2016 Digital Marketing Prediction
When we examine “The Year in Search,” we saw Google crack down on non-mobile-friendly sites, lean harder on social signals for ranking and reward sites that produce high-quality content. Content marketing strategies grew even more dependent on calculating and interpreting user search intent than on utilizing keywords for SEO.
Last year I made 8 predictions for search, many of which were correct, (high-five self). If you’d like to read the full summary check out my post on Brafton.com.
Now for this year’s predictions…
We’ll see a Google update that helps the mobile search experience.
Marketers need to make sure they are optimized for local “in the moment” searches. Google search trends clearly show adoption rates of localized searches.
The graph below illustrates how the “in-the-moment” location-based coffee near me search has been increasing drastically, while the more general, non-location-specific or time-sensitive find coffee has leveled off since the mid-2000s.

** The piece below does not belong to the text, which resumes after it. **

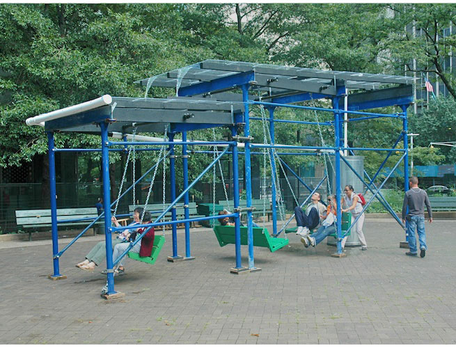 Description: Combining the archaic and the modern with an absurdist twist, the steel-and- Plexiglas structure provides shelter from its own inclement weather. A water tank sprays water onto a skylight incongruously mounted on a "sidewalk bridge," much like the ones that protect pedestrians at construction sites. The water runs across one roof, cascades down onto a lower roof, and into a gutter that leads to a drainpipe and back to the water tank. Inside the bridge hang several seats recalling both old-fashioned porch swings and traditional park benches, allowing up to eight people to sit and talk while rain splashes romantically on the skylight overhead.

The chart below shows the increase in popularity of relative, local, time- and geo-sensitive search terms, which began its climb primarily in 2013.
Less “click-bait” content in search results.
Marketers have started to produce “shock value” content in hopes of getting better click-through rates through content discovery networks like Taboola and Outbrain.
These slideshow-style articles often force users to click multiple times on a page to view all of the content and are built to maximize the number of ads a user sees. In general, these types of articles do not keep the user’s intent as the first priority, which leads me to my next prediction…
User intent becomes king.
Content quality is very important, and making sure you’re keeping your users’ intent is in mind will help your content show up in search for the right queries.
This sounds tricky, but let me show you what I mean:
Pretend you run a fashion blog that targets men. The search query “tie and shirt combinations” is valuable to your blog and you desperately want to rank No. 1 for it. Your page on tie and shirt combinations is very detailed; you give a brief background on the history of ties, you list all the types of shirts designed for ties, and you provide several suggestions of shirt-tie combinations toward the end of the page. Your competitor has a much shorter post but is ranking No. 1 for that query. Why? Their content addresses the user’s question right off the bat by just showing shirt and tie combinations. The user’s intent was to get ideas on what to wear — it was not to learn about ties and shirts.
Podcasts will become a popular avenue for brands to build thought leadership. (Not a marketing trend prediction but I believe this search trend will continue.)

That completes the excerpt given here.